TASK DESCRIPTION
Once the images are set aside, write out the rest of the records exactly.

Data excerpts
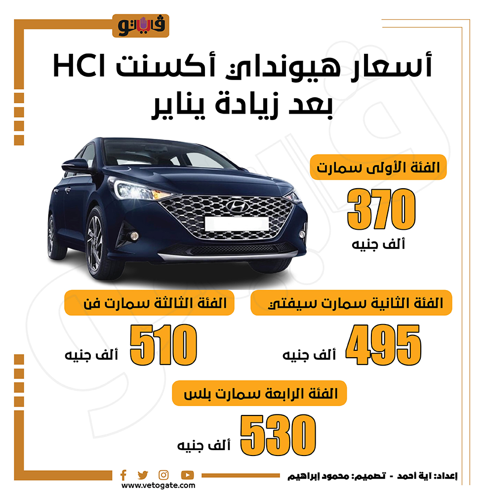 أسعار هيونداي أكسنت HCI بعد زيادة يناير (إنفوجراف) الثلاثاء 03/يناير/2023 - 08:25 م 1/3/2023 8:25:18 PM سيارات آية أحمد شارك طباعة 18 حجم الخط شارك طباعة هيونداي هيونداي اكسنت أسعار هيونداي أكسنت HCI
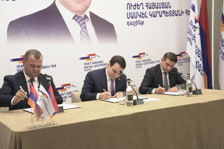 Մարտի 31-ին «Ուժեղ Հայաստան» կուսակցության խորհրդի անդամ Նարեկ Կարապետյանը դաշինքի ստեղծման վերաբերյալ հուշագիր է ստորագրել «Նոր դարաշրջան» կուսակցության նախագահ Հարություն Հարությունյանի և «Միավորված հայեր» կուսակցության պատվավոր նախագահ, լիազոր ներկայացուցիչ Նաիրի Սարգսյանի հետ։ Ստորագրված փաստաթղթով կողմերը հայտարարում են, որ միավորվում են «Ուժեղ Հայաստան» կուսակցության քաղաքական օրակարգի և նախընտրական ծրագրի շուրջ՝ հիմքում դնելով պետականության ամրապնդման, ազգային և հոգևոր արժեքների պաշտպանության, արդյունավետ և հաշվետու կառավարման, տնտեսական կայուն զարգացման, ինչպես նաև իրավական և սոցիալական արդարության ապահովման սկզբունքները։
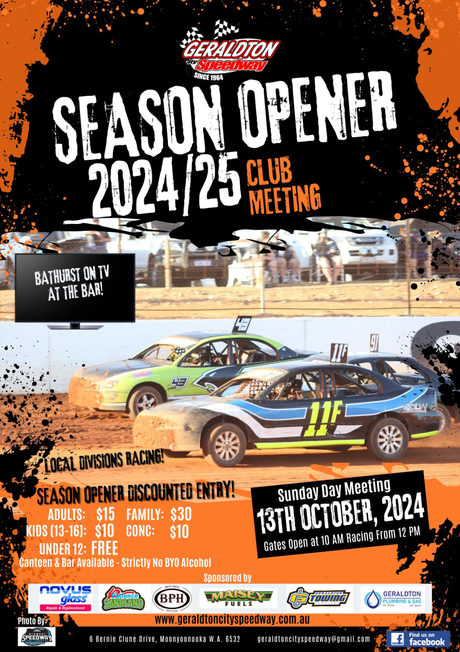 The 2024/25 speedway season opening round is to be held on Sunday 13th October 2024 at Geraldton City Speedway, 6 Bernie Clune Drive, Moonyoonooka, WA, 6532. The season opener will be a day meeting with gates opening from 10am and racing to commence from 12pm with discounted entry fees and kids under 12 free.
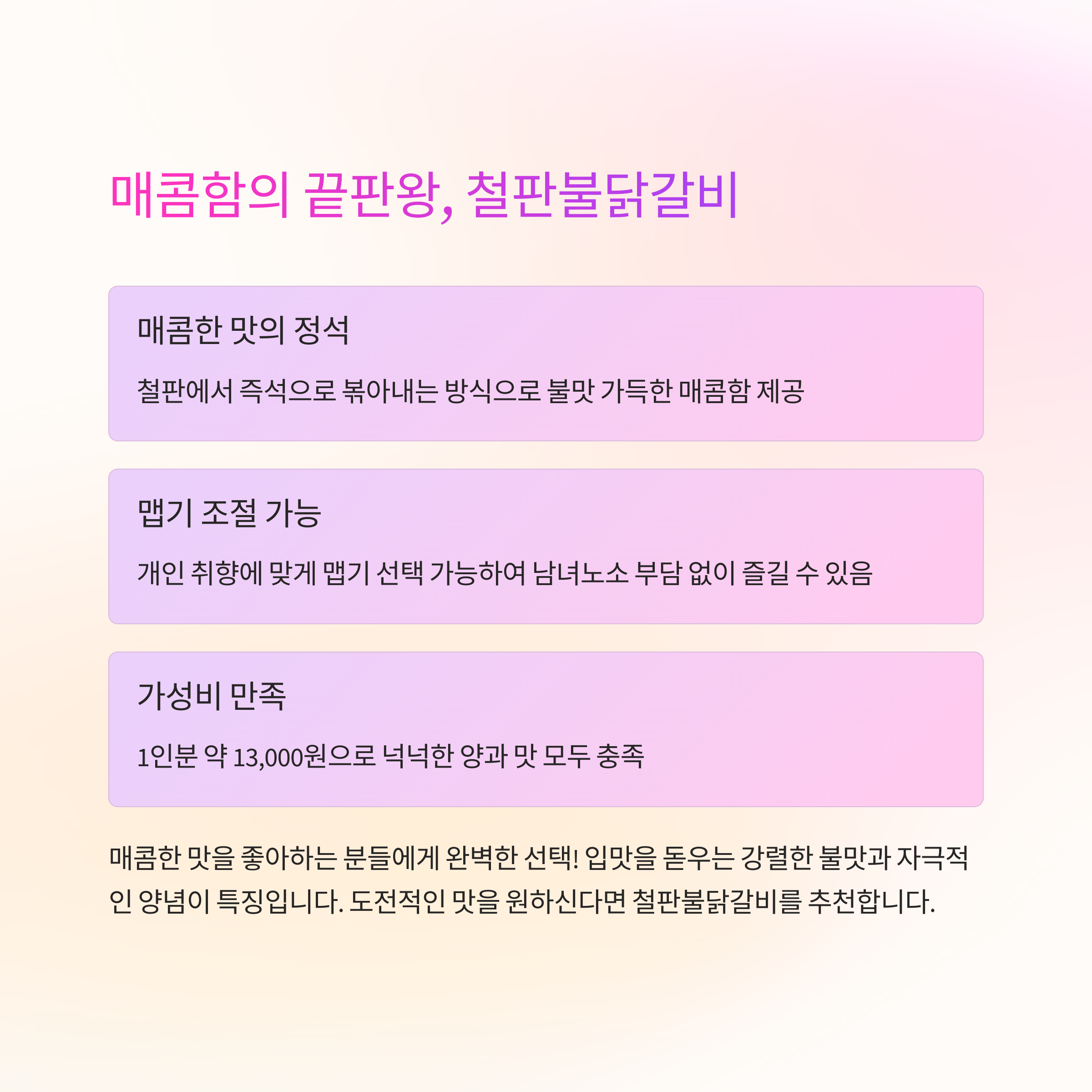 | 철판불닭갈비 | 13,000원 | 넉넉 | 매콤 불맛 | 캐주얼 |
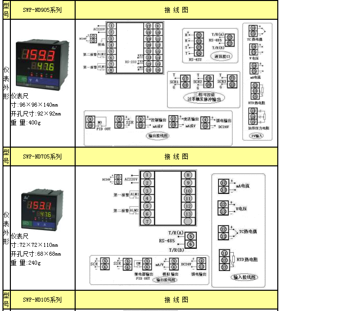 三、儀表外形及接線圖(以下為基本配線方式,特殊訂貨請參見隨機接線圖)
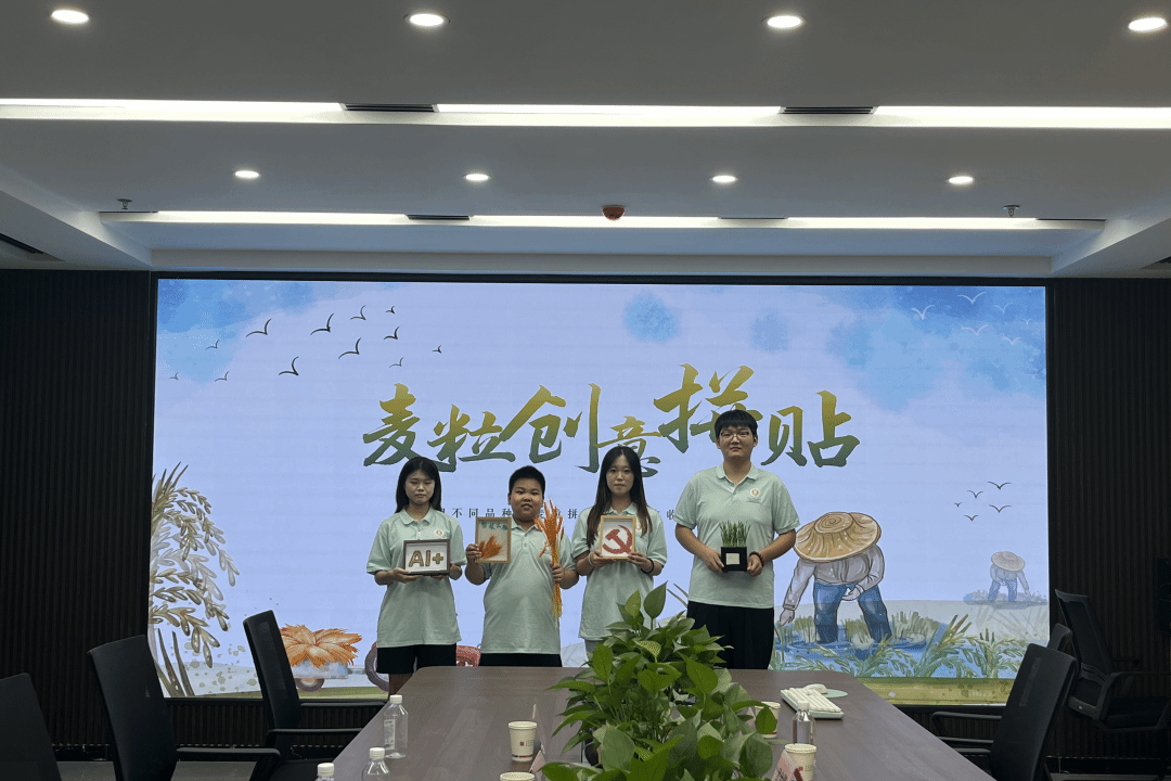在实践活动的尾声,团队成员体验了富有创意的“麦粒创意拼贴”活动。队员们亲手从麦穗上取下颗粒,感受其饱满的质地与自然的色泽。通过精心排列与粘贴,平凡的麦粒逐渐化作生动的图案。这不仅锻炼了他们的动手能力和艺术审美,更让他们在专注与耐心之中,深刻体会到“粒粒皆辛苦”的内涵,感受到每一颗粮食背后凝结的劳动价值,并认识到即使是寻常的农作物,也能通过创意焕发出新的生命力与美感。
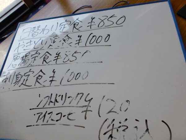 日替わり定食 、からあげ定食 、焼き鳥定食、刺し身定食があります。
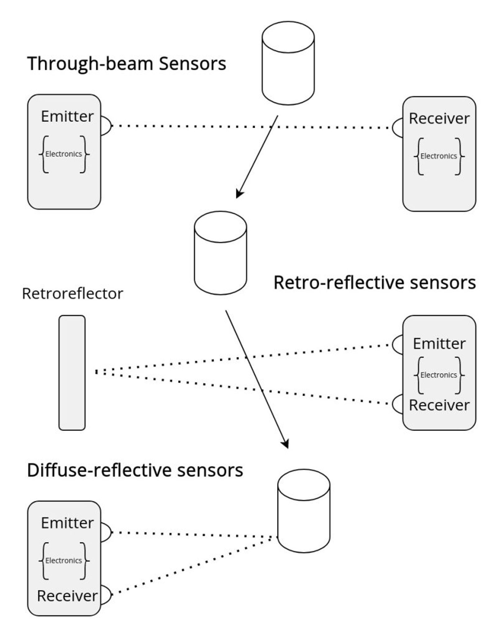 For the last of the photoelectric sensors there are diffuse sensors. For diffuse sensors light is scattered and returned to the receiver by the object being detected rather than by a reflector. Their main advantage is simplicity and flexibility because they don’t require any external reflector or receiver component. They can also be mounted vertically if needed and their detection range can often be adjusted which allows an additional degree of freedom. However their range is significantly lower than the previously mentioned sensors and they are more sensitive to ambient light and object surface. Same as for retro-reflective sensors some of the issues can be reduced by methods such as background suppression,polarization filters and multi-frequency light emission.
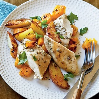 Amestecati 1 1 / 2 linguri de usturoi, 1 / 2 lingurita sare, 1 / 2 lingurita piper, si salvie într-un castron mic. Spalati puiul si slăbiţi pielea de pe piept şi copane (desfacand pielea cu degetele, împingând uşor între piele şi carne). Ridicaţi extremităţile aripilor şi copanelor pe spate. Frecaţi puiul sub piele cu amestec-ul de usturoi. Asezati puiul in tava cu pieptul in sus si stropiti cu ulei. Introduceti tava in cuptorul incins in prealabil si lasati asa timp de 20 de minute. Intre timp spalati cartofii curatati si taiatii felii si amestecatii cu unt, 1 1 / 2 lingurite usturoi, 1 / 2 linguriţă de sare şi 1 / 4 lingurita piper. Aranjaţi în jurul pui-ului in cuptor. Coaceţi timp de 1 oră sau până când vedeti ca pielea s-a rumenit bine. Cand totul este gata, opriti focul si mai lasati tava in cuptor aproximativ 10 minute.
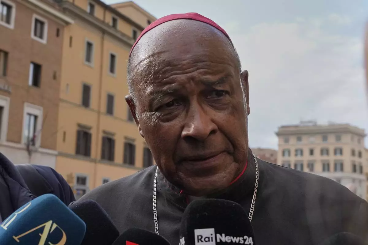 Cardinal Wilfrid Napier is approached by reporters as he arrives for a college of cardinals' meeting, at the Vatican, Monday, April 28, 2025. (AP Photo/Gregorio Borgia)
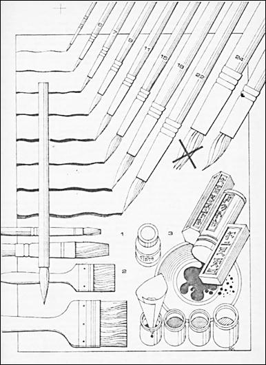Рис. 9 Кисти круглые и плоские, флейцы, платочная китайская тушь.

TASK RESPONSE
 أسعار هيونداي أكسنت HCI بعد زيادة يناير (إنفوجراف) الثلاثاء 03/يناير/2023 - 08:25 م 1/3/2023 8:25:18 PM سيارات آية أحمد شارك طباعة 18 حجم الخط شارك طباعة هيونداي هيونداي اكسنت أسعار هيونداي أكسنت HCI
 Մարտի 31-ին «Ուժեղ Հայաստան» կուսակցության խորհրդի անդամ Նարեկ Կարապետյանը դաշինքի ստեղծման վերաբերյալ հուշագիր է ստորագրել «Նոր դարաշրջան» կուսակցության նախագահ Հարություն Հարությունյանի և «Միավորված հայեր» կուսակցության պատվավոր նախագահ, լիազոր ներկայացուցիչ Նաիրի Սարգսյանի հետ։ Ստորագրված փաստաթղթով կողմերը հայտարարում են, որ միավորվում են «Ուժեղ Հայաստան» կուսակցության քաղաքական օրակարգի և նախընտրական ծրագրի շուրջ՝ հիմքում դնելով պետականության ամրապնդման, ազգային և հոգևոր արժեքների պաշտպանության, արդյունավետ և հաշվետու կառավարման, տնտեսական կայուն զարգացման, ինչպես նաև իրավական և սոցիալական արդարության ապահովման սկզբունքները։
 The 2024/25 speedway season opening round is to be held on Sunday 13th October 2024 at Geraldton City Speedway, 6 Bernie Clune Drive, Moonyoonooka, WA, 6532. The season opener will be a day meeting with gates opening from 10am and racing to commence from 12pm with discounted entry fees and kids under 12 free.
 | 철판불닭갈비 | 13,000원 | 넉넉 | 매콤 불맛 | 캐주얼 |
 三、儀表外形及接線圖(以下為基本配線方式,特殊訂貨請參見隨機接線圖)
在实践活动的尾声,团队成员体验了富有创意的“麦粒创意拼贴”活动。队员们亲手从麦穗上取下颗粒,感受其饱满的质地与自然的色泽。通过精心排列与粘贴,平凡的麦粒逐渐化作生动的图案。这不仅锻炼了他们的动手能力和艺术审美,更让他们在专注与耐心之中,深刻体会到“粒粒皆辛苦”的内涵,感受到每一颗粮食背后凝结的劳动价值,并认识到即使是寻常的农作物,也能通过创意焕发出新的生命力与美感。
 日替わり定食 、からあげ定食 、焼き鳥定食、刺し身定食があります。
 For the last of the photoelectric sensors there are diffuse sensors. For diffuse sensors light is scattered and returned to the receiver by the object being detected rather than by a reflector. Their main advantage is simplicity and flexibility because they don’t require any external reflector or receiver component. They can also be mounted vertically if needed and their detection range can often be adjusted which allows an additional degree of freedom. However their range is significantly lower than the previously mentioned sensors and they are more sensitive to ambient light and object surface. Same as for retro-reflective sensors some of the issues can be reduced by methods such as background suppression,polarization filters and multi-frequency light emission.
 Amestecati 1 1 / 2 linguri de usturoi, 1 / 2 lingurita sare, 1 / 2 lingurita piper, si salvie într-un castron mic. Spalati puiul si slăbiţi pielea de pe piept şi copane (desfacand pielea cu degetele, împingând uşor între piele şi carne). Ridicaţi extremităţile aripilor şi copanelor pe spate. Frecaţi puiul sub piele cu amestec-ul de usturoi. Asezati puiul in tava cu pieptul in sus si stropiti cu ulei. Introduceti tava in cuptorul incins in prealabil si lasati asa timp de 20 de minute. Intre timp spalati cartofii curatati si taiatii felii si amestecatii cu unt, 1 1 / 2 lingurite usturoi, 1 / 2 linguriţă de sare şi 1 / 4 lingurita piper. Aranjaţi în jurul pui-ului in cuptor. Coaceţi timp de 1 oră sau până când vedeti ca pielea s-a rumenit bine. Cand totul este gata, opriti focul si mai lasati tava in cuptor aproximativ 10 minute.
 Cardinal Wilfrid Napier is approached by reporters as he arrives for a college of cardinals' meeting, at the Vatican, Monday, April 28, 2025. (AP Photo/Gregorio Borgia)
Рис. 9 Кисти круглые и плоские, флейцы, платочная китайская тушь.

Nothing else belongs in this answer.